I was a graduate student in Ann Arbor at the beginning of the 90s. At the time, the Borders brothers still owned Borders, and there were just two Borders stores: one in (I think) Plainfield (a Detroit suburb), and the original store on State Street. I loved that store like I've never loved a bookstore. The best thing about it was the staff that worked there. To get a job there, you had to pass a written test; and if you showed expertise in a particular subject area, you got to take some responsibility for ordering and stocking that subject area. The result was that if you walked in looking for a book on numerical thermodynamics, or differences in translations of The Inferno, you had a pretty good chance of being able to ask questions of someone who knew about the topic and had ordered the books and could provide you with useful info. Under no circumstances at all were you being helped by a high school kid who didn't know much of anything about the merchandise.

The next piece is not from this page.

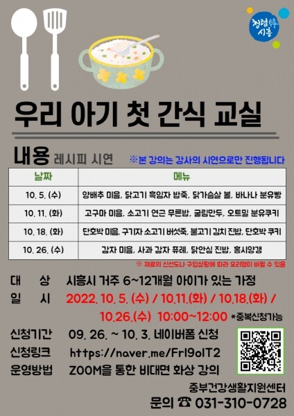 단계별 이유식 메뉴 선정과 조리법 등 올바른 정보를 제공해 아이들이 균형 있는 식사를 섭취할 수 있도록 초기 이유식부터 완료기 간식까지 1회 수업 당 4가지의 다양한 레시피를 강사가 시연한다.
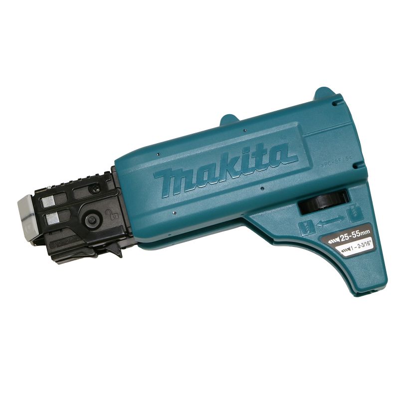 The Makita 191L24-0 (formerly 199146-8) Collated Autofeed Screwdriver Magazine Attachment delivers easy and reliable autofeed capability. The compact, ergonomic autofeed design offers less weight and efficient power. Its ideal for production board attachment to metal or wood. Collated screw length capacity ranges from 25mm to 55mm for increased versatility. For use with specific Makita corded and cordless screwdrivers.

Then the brand got sold (to Waldenbooks/K-Mart, I believe), the State Street store moved into larger quarters (the old Jacobsen's store), they exploded coast-to-coast, and I found myself wandering into Borders in other cities that were certainly big, but didn't have the single biggest thing I liked about Borders: an exceptionally competent staff. Their newer owners had decided to compete purely on price and selection; it was inevitable that an internet vendor was eventually going to be able to beat them on those.
Which leaves me missing what I liked about them in the first place, something no internet vendor (even Amazon) has really replaced.